Some of the basics were already covered in Chapter 4, Tools for Regular Operations, but it would be a good idea to have a refresher on these before continuing. However, here, we will be showing and using some of those tools in the context of performance tuning, such as the top command, which allows us to see processes and sort lists based on CPU usage, memory usage, and more. (Check the output of man top for a refresher on how to change the sorting criteria.)
One parameter to watch while checking system performance is the load average, which is a moving average made by the processes that are ready to run or are waiting for input/output (I/O) to complete. It’s composed of three values—1, 5, and 15 minutes—and gives an idea of whether a load is increasing or decreasing. A rule of thumb is that if a load average is below 1, there is no resource saturation.
The load average is shown alongside many other tools, such as the aforementioned top , uptime or w commands.
If the system-load average is growing, the CPU or memory usage is spiking, and if some processes are listed there, they will be easier to locate in the top output. If the load average is also high and increasing, it might be possible that the I/O operations are increasing it. It is possible to install the iotop package, which provides the iotop command to monitor disk activity. When executed, it will show the processes in the system and the disk activity related to each one—that is, reads, writes, and swaps that might give us some more hints about where to look.
Once a process has been identified as taking too many resources, we can send a signal to control it.
A signal list can be obtained with the kill –l command, as illustrated in the following screenshot:
Figure 16.1 – Available signals to send to the processes
Note that each signal contains a number and a name—both can be used to send the signal to the process via its process identifier (PID).
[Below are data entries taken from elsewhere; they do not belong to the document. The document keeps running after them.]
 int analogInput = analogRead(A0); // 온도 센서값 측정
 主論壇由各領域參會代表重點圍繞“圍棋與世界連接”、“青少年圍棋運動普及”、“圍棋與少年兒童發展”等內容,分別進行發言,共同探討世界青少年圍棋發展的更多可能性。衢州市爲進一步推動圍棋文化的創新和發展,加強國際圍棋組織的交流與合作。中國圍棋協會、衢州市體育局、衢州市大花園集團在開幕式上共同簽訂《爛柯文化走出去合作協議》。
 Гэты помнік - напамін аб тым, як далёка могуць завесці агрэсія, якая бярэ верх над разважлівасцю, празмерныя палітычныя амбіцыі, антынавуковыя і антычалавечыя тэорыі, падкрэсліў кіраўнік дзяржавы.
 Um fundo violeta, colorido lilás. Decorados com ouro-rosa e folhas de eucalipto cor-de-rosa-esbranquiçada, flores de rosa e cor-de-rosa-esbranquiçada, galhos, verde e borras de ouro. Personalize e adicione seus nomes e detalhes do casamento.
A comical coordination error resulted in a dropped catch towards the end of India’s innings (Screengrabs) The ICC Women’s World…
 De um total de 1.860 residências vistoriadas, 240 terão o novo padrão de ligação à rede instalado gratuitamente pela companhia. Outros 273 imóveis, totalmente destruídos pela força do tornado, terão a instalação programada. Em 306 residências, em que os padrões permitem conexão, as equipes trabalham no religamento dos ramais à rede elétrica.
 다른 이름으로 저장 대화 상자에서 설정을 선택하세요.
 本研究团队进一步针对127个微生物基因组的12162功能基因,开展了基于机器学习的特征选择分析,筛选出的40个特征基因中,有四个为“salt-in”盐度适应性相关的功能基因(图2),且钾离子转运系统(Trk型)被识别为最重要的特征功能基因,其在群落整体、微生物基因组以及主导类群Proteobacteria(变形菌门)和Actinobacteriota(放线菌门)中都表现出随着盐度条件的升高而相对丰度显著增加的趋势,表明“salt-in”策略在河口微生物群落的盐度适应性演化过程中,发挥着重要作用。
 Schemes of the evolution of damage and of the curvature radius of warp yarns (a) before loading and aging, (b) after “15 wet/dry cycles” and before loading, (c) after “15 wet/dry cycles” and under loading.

Let’s review the most common ones, as follows:
Table 16.1 – Signal names, IDs, and their common usage
From the list shown in Figure 16.1, it’s important to know that each signal has a disposition—that is, once a signal is sent, the process must, according to the signal received, perform one of the following actions: terminate, ignore the signal, perform a core dump, stop the process, or continue the process if it was stopped. The exact details about each signal can be checked at man 7 signal, as illustrated in the following screenshot:
Figure 16.2 – The listing of signals, number equivalents, disposition (action), and behavior (man 7 signal)
One of the most typical usages when arriving at this point is to terminate processes that are misbehaving, so a combination of locating the process, obtaining the PID, and sending a signal to it is a very common task. In fact, it is so common that there are even tools that allow you to combine these stages in one command.
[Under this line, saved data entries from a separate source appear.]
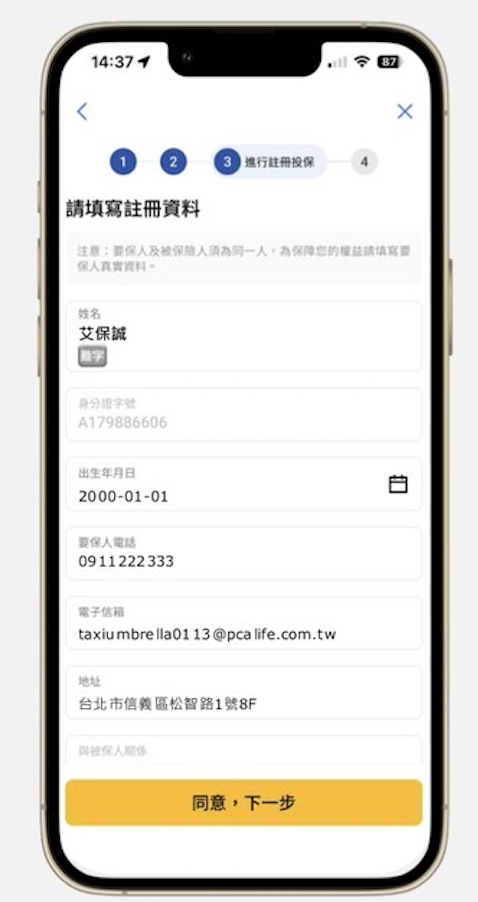 - 填寫基本投保資訊(例如姓名、身分證字號、出生年月日等)。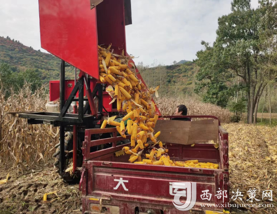 西部決策網(wǎng)訊(記者帥華鋒 通訊員 余小芹 余雅各 李三良)田疇沃野好“豐”光,遍地金黃糧滿倉。金秋時節(jié),甘肅隴南兩當(dāng)縣西坡鎮(zhèn)田間地頭的玉米喜獲豐收,村民們正利用晴好天氣采收玉米,忙得不亦樂乎,家家戶戶房前屋后堆滿了金黃的玉米,洋溢著豐收喜悅的笑臉與收獲的金黃色玉米交相輝映,勾勒出一幅動人的金秋豐收圖。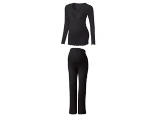 esmara® Piżama ciążowa z bawełną (koszulka +spodnie) (XS (32/34), Czarny)

For example, we can compare ps aux|grep -i chrome|grep –v grep|awk '{print $2}'|xargs kill –9 with pkill –9 –f chrome. Both will perform the same action: search for processes named chrome, and send signal 9 (kill) to them.
Of course, even a user logging in is a process in the system (running SSH or the login shell, and so on); we can find the processes started by our target user via a similar construction (with ps, grep, and more) or with pgrep options such as pgrep –l –u user.
Bear in mind that, as the signals indicate, it’s better to send a TERM signal to allow the process to run its internal cleanup steps before exiting, as directly killing them might result in leftovers in our system.
One interesting command that was widely used before terminal multiplexers such as tmux or screen became commonplace was nohup, which was prepended to commands that would last longer—for example, downloading a big file. This command captured the terminal hangout signal, allowing the executed process to continue execution, storing the output in a nohup.out file that could be checked later.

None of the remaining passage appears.